Liga Mistrzów: Gorąco po faulu Viníciusa Júniora. „Brak szacunku. Sędziowie nie mają odwagi” [WIDEO]

2024-03-07 07:04:46; Aktualizacja: 8 miesięcy temu
Liga Mistrzów: Gorąco po faulu Viníciusa Júniora. „Brak szacunku. Sędziowie nie mają odwagi” [WIDEO] Fot. Polsat Sport
Patryk Krenz
Patryk Krenz Źródło: Polsat Sport

Real Madryt pokonał po zaciętym boju RB Lipsk w 1/8 finału Ligi Mistrzów. Po spotkaniu sporo mówi się o zachowaniu Viníciusa Júniora, który uderzył Williego Orbána. Defensor niemieckiego zespołu nie krył swojego oburzenia.

Real Madryt napotkał duży opór w rewanżowym starciu 1/8 finału Ligi Mistrzów. Ospały gigant musiał wielokrotnie ratować się przed utratą gola, co w większości sytuacji się udało.

Przyjezdni z Saksonii napierali, tworząc sobie w sumie ponad 20 sytuacji bramkowych. Kilka dogodnych zmarnował Loïs Openda, który po końcowym gwizdku mógł poczuć ogromny niedosyt.

Ostatecznie na Estadio Santiago Bernabeu padł jednobramkowy remis. Strzelanie tego wieczoru rozpoczął Vinícius Júnior, a kilka minut wcześniej zakończył Willi Orbán. Tę dwójkę łączy jeszcze jedno wydarzenie.

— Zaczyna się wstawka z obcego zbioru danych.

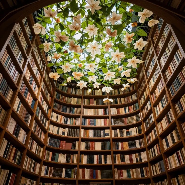 Photograph of a grand, circular library with towering wooden bookshelves filled with colorful books. The shelves spiral upward, converging at the ceiling, which is adorned with a lush arrangement of white magnolia flowers and green leaves. The sunlight filters through the flowers, casting a warm, inviting glow over the books. The image is rich in contrast, with the dark wooden shelves and books juxtaposed against the bright white flowers and greenery. The overall atmosphere is serene and scholarly, evoking a sense of timeless knowledge and beauty.
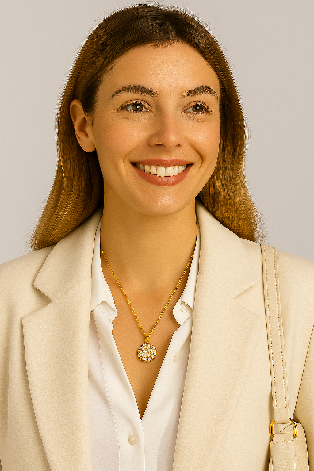 - Pendant: Circular medallion fully set with sparkling crystals
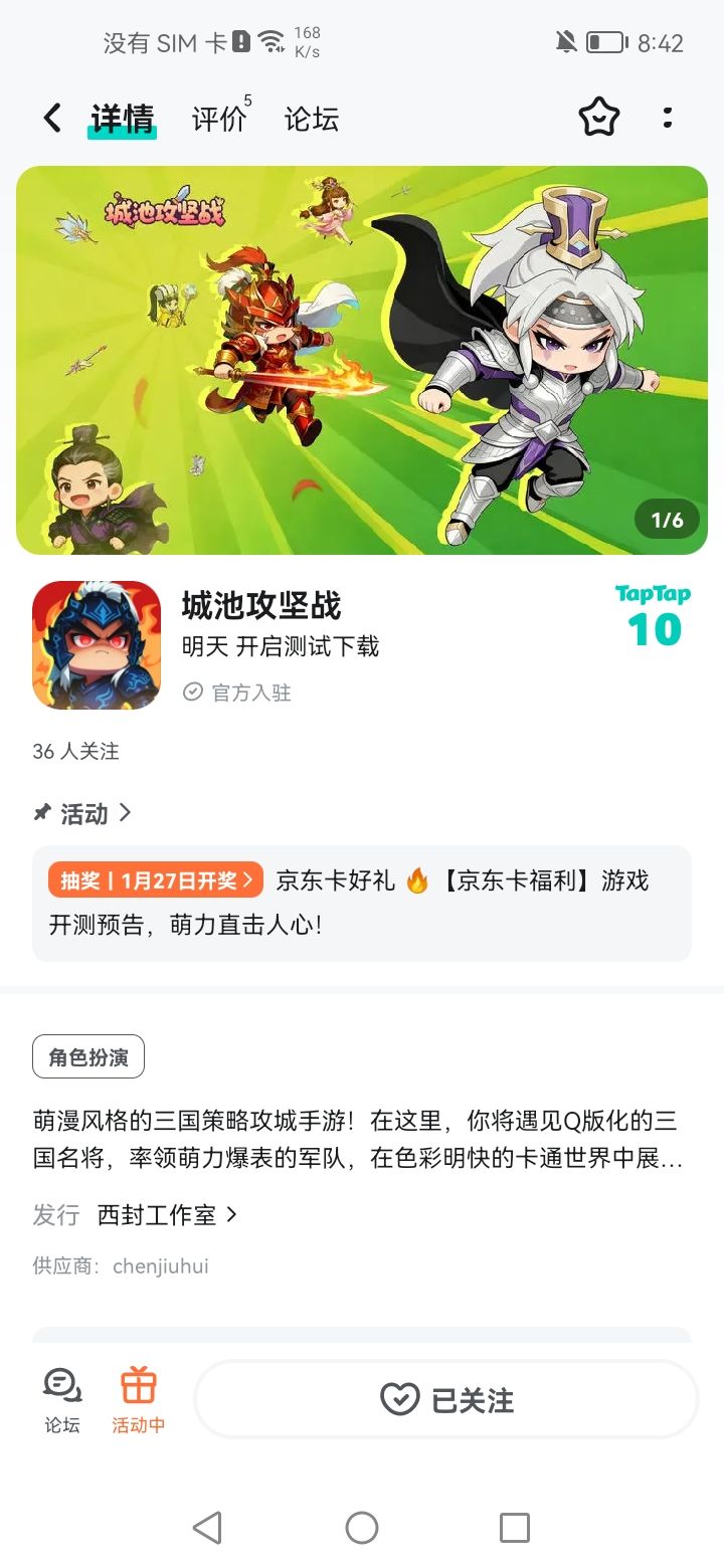 告别沉重历史,这款三国策略手游藏满惊喜!Q 版三国名将萌化你的心,率领萌系军队展开妙趣攻防战,轻松又解压。游戏即将开启测试,现在参与抽奖,20 京东卡直接带回家!🎁 开测专属福利:【京东卡抽奖活动】▶ 参与方式1.点击关注发帖账号和《城池攻坚战》且发新帖晒截图2.在本帖下方评论区分享发帖链接即可【奖品发放】到达开奖时间后,由taptap系统随机抽取符合要求的幸运玩家,自动发放兑换码(
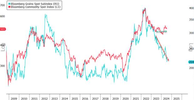 Meanwhile, Bloomberg's Mike McGlone noted grain deflation while broader commodity markets remained positively diverged:
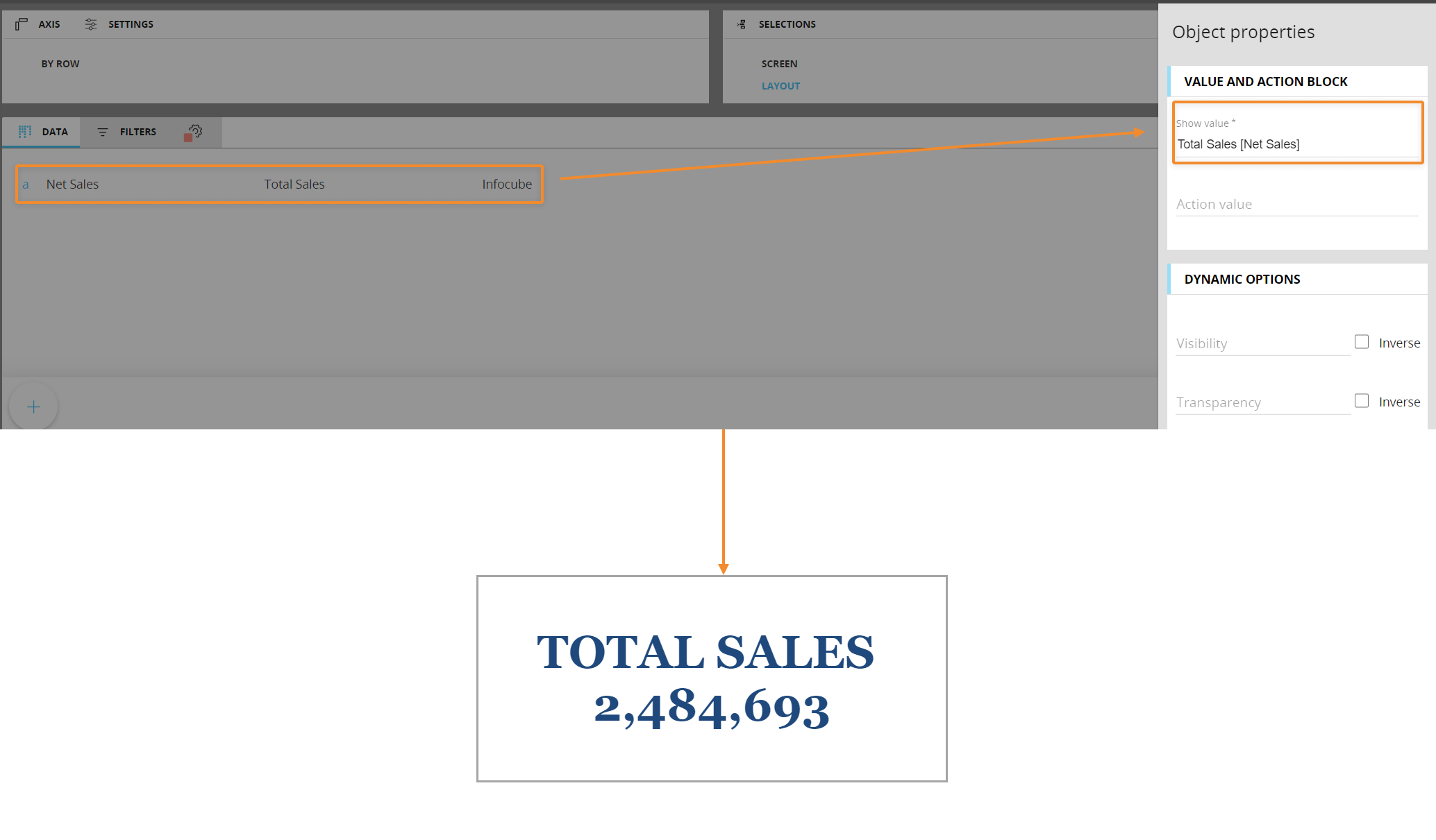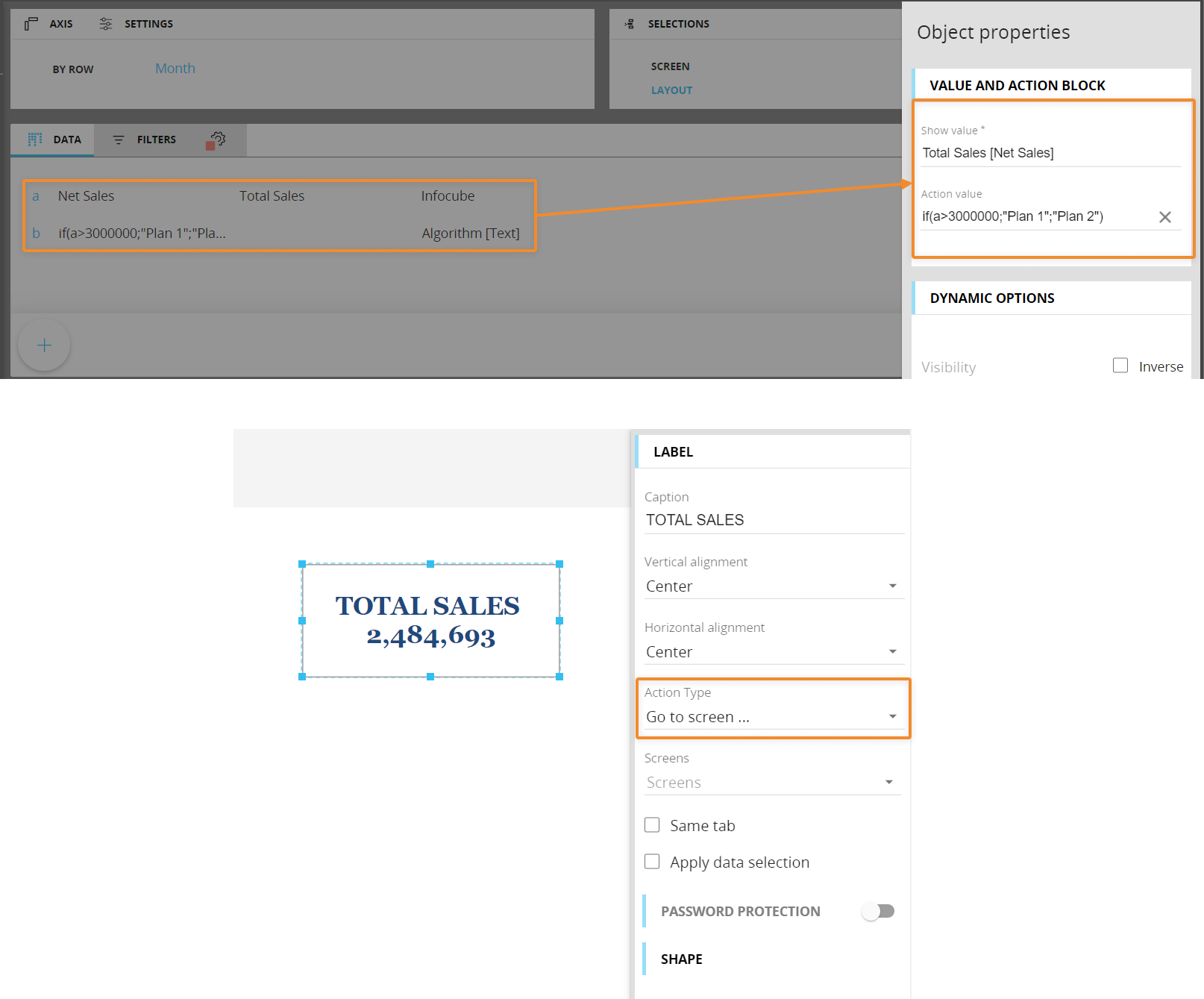 In the example below, if the Net Sales value is greater than 3 million, clicking the Label in Play mode will open the "Plan 1" Screen, otherwise it will open the "Plan 2" Screen.

W 54. minucie Brazylijczyk ostro potraktował reprezentanta Węgier, powalając go z impetem przy próbie pressingu. Następnie doszło do krótkiej pogadanki, którą gwiazdor „Królewskich” skończył odepchnięciem rękami w okolicach szyi.

Główny sędzia spotkania ukarał Viníciusa żółtą kartką, co zostało źle odebrane w obozie Red Bulla. Protestowali wszyscy, nawet trener Marco Rose. Nie brakuje opinii, że za takie zagranie w górę powinna wzlecieć czerwona kartka.

Po meczu frustracji całym zdarzeniem nie potrafił ukryć Willi Orbán.

- Sędziowie nie mają odwagi, by odsyłać takich zawodników. On złapał moją szyję obiema rękami. To brak szacunku - powiedział wyraźnie wzburzony kapitan „Czerwonych Byków”.

Vinícius nie pozwala o sobie zapomnieć. Wokół 23-latka znowu jest gorąco.